Скулы — острые, как лезвия. Ключицы — выступающие, как вешалки под кожей. Грудь — плоская, мальчишеская, с рёбрами, просвечивающими сквозь водолазку. Глаза — огромные на исхудавшем лице, тёмные, с синяками бессонницы. Губы — серые, потрескавшиеся.

Глистоферма. Аскарида. Журавлик.

«До свиньи тебе ещё очень далеко».

Она стояла. Секунду. Две. Пять. Десять. Стояла — и смотрела на себя. На запястья — с синим рисунком вен под пергаментной кожей. На тело — которое она годами превращала в инструмент, в оружие, в произведение искусства. И которое теперь — было просто скелетом в водолазке.

Не помешало бы поднарастить сиськи.

Мысль — абсурдная, неуместная, смешная — пришла ниоткуда и ударила, как ледяной душ. Соня фыркнула. Коротко. Зло. Почти — смешно.

Какие сиськи, дура. У тебя ребра торчат как у бездомной собаки. Какие нахрен сиськи.
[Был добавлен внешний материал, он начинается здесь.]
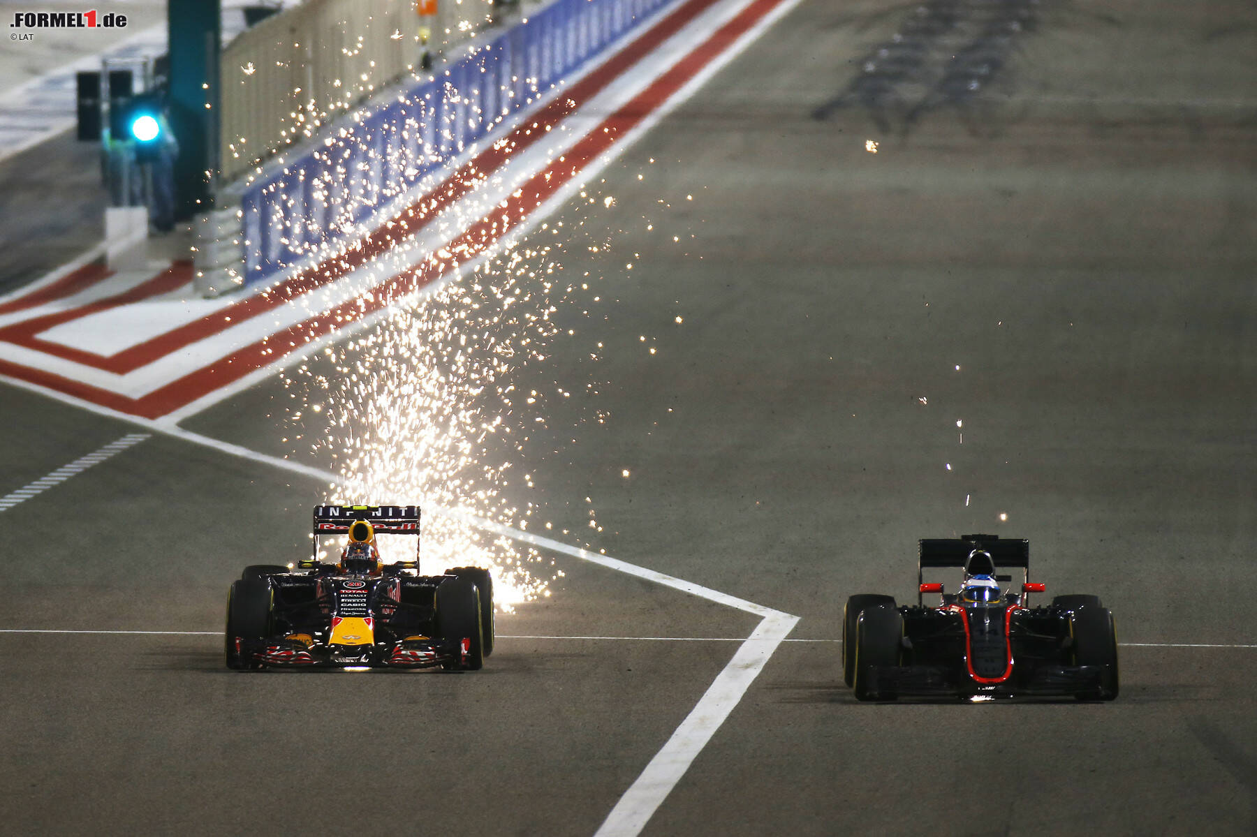 (Motorsport-Total.com) - In einem Rennen, in dem Red Bull keine großen Akzente setzen konnte, setzte das Team dennoch den großen Schlusspunkt. Denn während das Feuerwerk für Sieger Lewis Hamilton über dem Bahrain International Circuit abbrannte, veranstaltete Daniel Ricciardo beim Überfahren der Ziellinie sein eigenes Feuerwerk: Sein Renault-Motor gab spektakulär den Geist auf - zum Glück wenige Meter vor dem Zielstrich, sodass er noch über die Ziellinie rollen konnte.
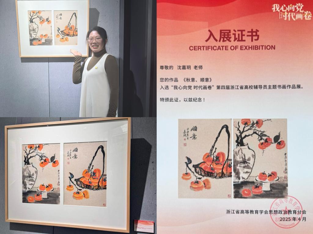 4月25日,“我心向党,时代画卷——第四届浙江省高校辅导员主题书画作品展暨公益拍卖活动”在中国美术学院南山校区拉开帷幕。米乐官网辅导员沈嘉玥的作品《秋意、顺意》入选。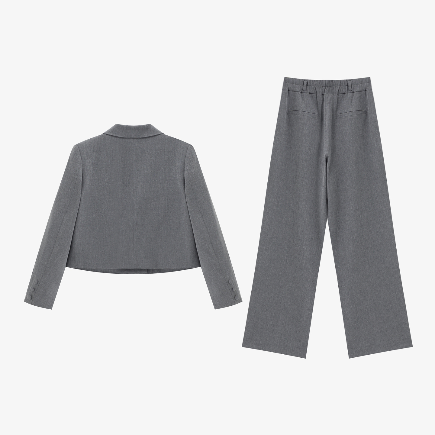 House 套装 百家好灰色短款 阔腿裤 女气质通勤休闲两件套 西装 Basic

Она не встала на колени. Не засунула пальцы в горло. Не вызвала рвоту.

Впервые за... она не помнила, за сколько. Месяцы. Может — год. Может — больше.

Софья Журавлёва — вышла из ванной. С полным желудком. Том-ям. Сибас. Хлеб. Всё — внутри. Тяжёлое. Горячее. Живое.

— Мам, я дома, — бросила в темноту коридора.

— Сонечка? — голос Галины Леонидовны — из кухни, сонный, удивлённый. — Так поздно...

— Всё нормально. Спокойной ночи.

Она упала в кровать. Лицом в подушку. Ноги — вытянуты, руки — вдоль тела, как в гробу. Нет. Как в шавасане. Как после изнурительного класса, когда тело — сдаётся, отпускает, перестаёт сопротивляться.

Я не блевала. Еда — внутри. Калории — усваиваются. Прямо сейчас. Белки расщепляются. Жиры откладываются. Мышцы — получают питание. Я...

Ты — поела. Как нормальный человек. Первый раз за год.

Потому что он сказал «ешь»?

Нет. Потому что ты устала. Потому что ты — устала умирать.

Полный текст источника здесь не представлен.